[19.02] GPT-2

Dosaid maintainer, Full-Stack AI Engineer

Forty-Eight Layers of Decoders

Language models are unsupervised multitask learners

The first generation of GPT stacked twelve layers of Transformer decoders. OpenAI felt this wasn't enough, so they stacked forty-eight layers of Transformer decoders, resulting in GPT-2.

Defining the Problem

The authors believe that existing machine learning systems, despite their excellent performance, are fraught with issues. The paper briefly outlines several areas of concern:

Fragility

Machine learning systems exhibit fragility when there are slight changes in data distribution and task specifications.
These systems lack stability in handling input diversity and variations, leading to unstable behaviors.

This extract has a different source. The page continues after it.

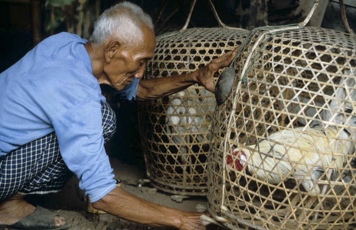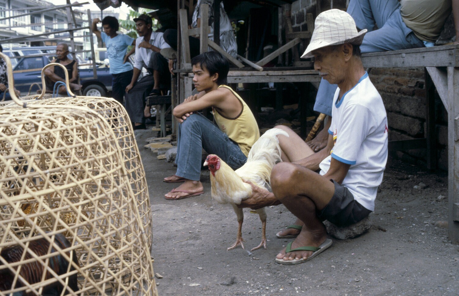 Vechthaan met zijn baas. Denpasar, Bali.

Limitations of Narrow Experts

Current machine learning systems function more like narrow experts rather than general-purpose systems, limiting their application scope.
These systems rely on manually building and annotating training datasets for each specific task, a tedious and non-generalizable process.

Lack of Generalization

The prevalence of single-task training on single-domain datasets results in systems that lack generalization capabilities.
To achieve robust systems, training and evaluation need to span a broader range of domains and tasks.

Solving the Problem

This paper does not propose a new model architecture but extends the existing GPT-1 model.

Model Design

First, the authors moved LayerNorm to the input of each sub-block, similar to pre-activation residual networks. Additionally, they added an extra layer normalization after the final self-attention block.

A modified initialization method was used, considering the cumulative effect on the residual path as model depth increases. The residual layers' weights were scaled by a factor of 1/√N during initialization, where N is the number of residual layers.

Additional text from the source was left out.